Let's say I have a MySQL table with four columns:

ID DRIVER_ID CAR_ID NOTES (NULL for most rows)

I have a bunch of duplicate rows where DRIVER_ID and CAR_ID are the same. For each pair of DRIVER_ID and CAR_ID, I want one row. If one of the rows in the set has non-NULL NOTES, I want that one, but otherwise it doesn't matter.

so if I have:

ID  |  DRIVER_ID  |  CAR_ID  |  NOTES
1      1             1          NULL
2      1             1          NULL
3      1             2          NULL
4      1             2          NULL
5      2             3          NULL
6      2             3          NULL
7      2             3          NULL
8      2             3          hi
9      3             5          NULL

I want to keep the following IDs: 9, 8, and then one each of [3,4] and [1,2].

It's a huge table, and the clunky methods I've tried are insanely slow, to the point where I'm sure I'm going about it all wrong. How can I efficiently a) select the list of IDs to delete? b) delete them in the same query?

(And yes, I know the deal with composite keys. That's not an issue here.)

EDIT: Sorry, forgot to specify that this was MySQL.

Some of the stuff I've tried so far:

select ID, COUNT(DRIVER_ID) rowcount from CARS_DRIVERS group by CAR_ID,DRIVER_ID HAVING rowcount > 1;

will get me one ID per group. It doesn't necessarily leave the row with NOTES if there is one, though. It will also only get me one ID per duplicate group. There are some cases where there are 20+ duplicate combos, so I would need to iterate that over and over to whittle each group down to a single row.

select distinct t1.ID from CARS_DRIVERS t1 where exists (select * from CARS_DRIVERS t2 where t2.CAR_ID = t1.CAR_ID and t2.DRIVER_ID = t1.DRIVER_ID and t2.id > t1.id);

This is much slower, and still doesn't really address the NOTES issue.
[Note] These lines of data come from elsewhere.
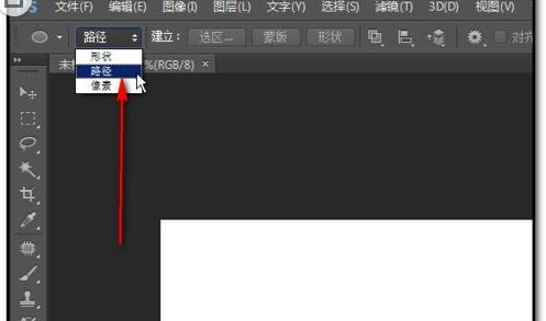 1、打开PS操作界面,新建文件;光标点“椭圆”工具图标;然后,在操作界面上方点选“路径”,如图中所示;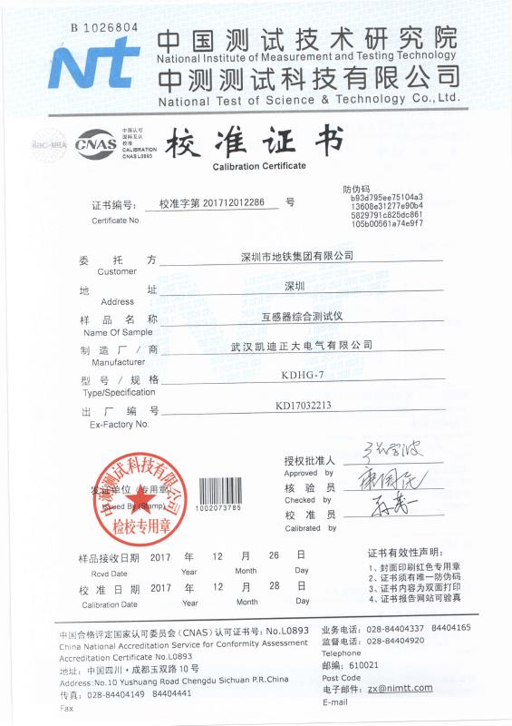![]() 中國(guó)測(cè)試技術(shù)研究院-KDHG互感器儀校準(zhǔn)證書 |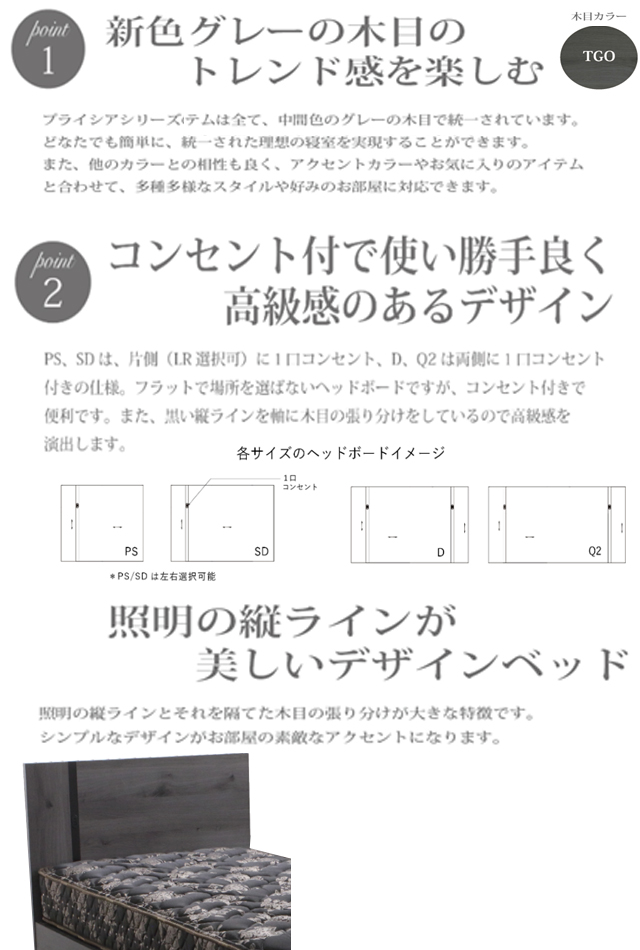 プライシアシリーズのベッドは、おしゃれでトレンドな中間色のグレーの木目カラー。
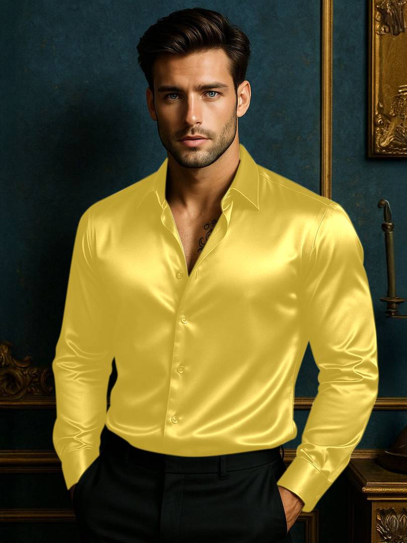 Upgrade your style with this premium Menβs Satin Shirt designed to deliver a rich and elegant look. Made from high-quality satin fabric, it features a smooth texture and subtle shine that adds a touch of luxury to your outfit. The lightweight and breathable material ensures all-day comfort, while the modern fit enhances your overall appearance. Ideal for parties, weddings, festive occasions, and evening wear, this satin shirt pairs effortlessly with jeans or trousers for a stylish and confident look. A perfect choice for men who prefer classy fashion with comfort.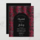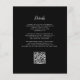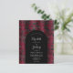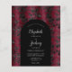 This elegant design features a moody background image of vintage faux velvet floral damask pattern in burgundy and black. Personalise it with the names of the bride and groom in silver grey calligraphy script and the remaining text in a combination of sans serif, copperplate and italics on a black arch shape. The reverse side provides space for wedding details on a solid black background, along with a QR code guests can scan to visit your website and RSVP.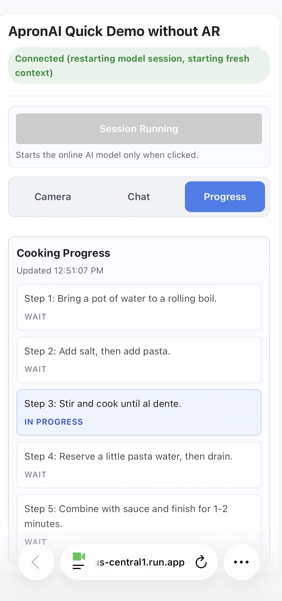 This example showcases how real-time multimodal AI can enhance physical tasks by understanding human actions through vision and audio—a personal exploration of how AI is transforming hands-on work. ApronAI was inspired by this idea to demo a real-time kitchen copilot that can watch what you are doing, listen to you, and guide you step by step.

It does have the advantage of getting the oldest row for each group, which, if I can't isolate on the NOTES field easily, could be a proxy for that. If a row in a set has NOTES, I believe it's always the oldest one (one with the lowest ID), but I'm not certain.

Some additional context: DRIVER_ID and CAR_ID are not the real column names, and there are other columns in the table. I was trying to distill down the info to get at the root of the problem, but I see from W4M's comment that this makes it look like a homework assignment. The real deal is that I'm looking at a very unoptimized database (not my purview normally) and when trying to get rid of these dupes before adding a key, the operation is taking forever. As in, hours. The table is big but certainly doesn't justify that. I'm trying to pitch in with my limited SQL expertise and figure out a way to get this done. Doesn't matter if it's pretty, I can sit at the command line and brute-force a bunch of queries if necessary. But I noticed that SELECTing IDs that are candidates for deletion only takes a few seconds, and although the table is huge, the total number of rows to delete is less than 10k so there must be a way to make this happen without some script that takes a whole weekend to finish.

解决方案

Here's one solution. I tested this on MySQL 5.5.8.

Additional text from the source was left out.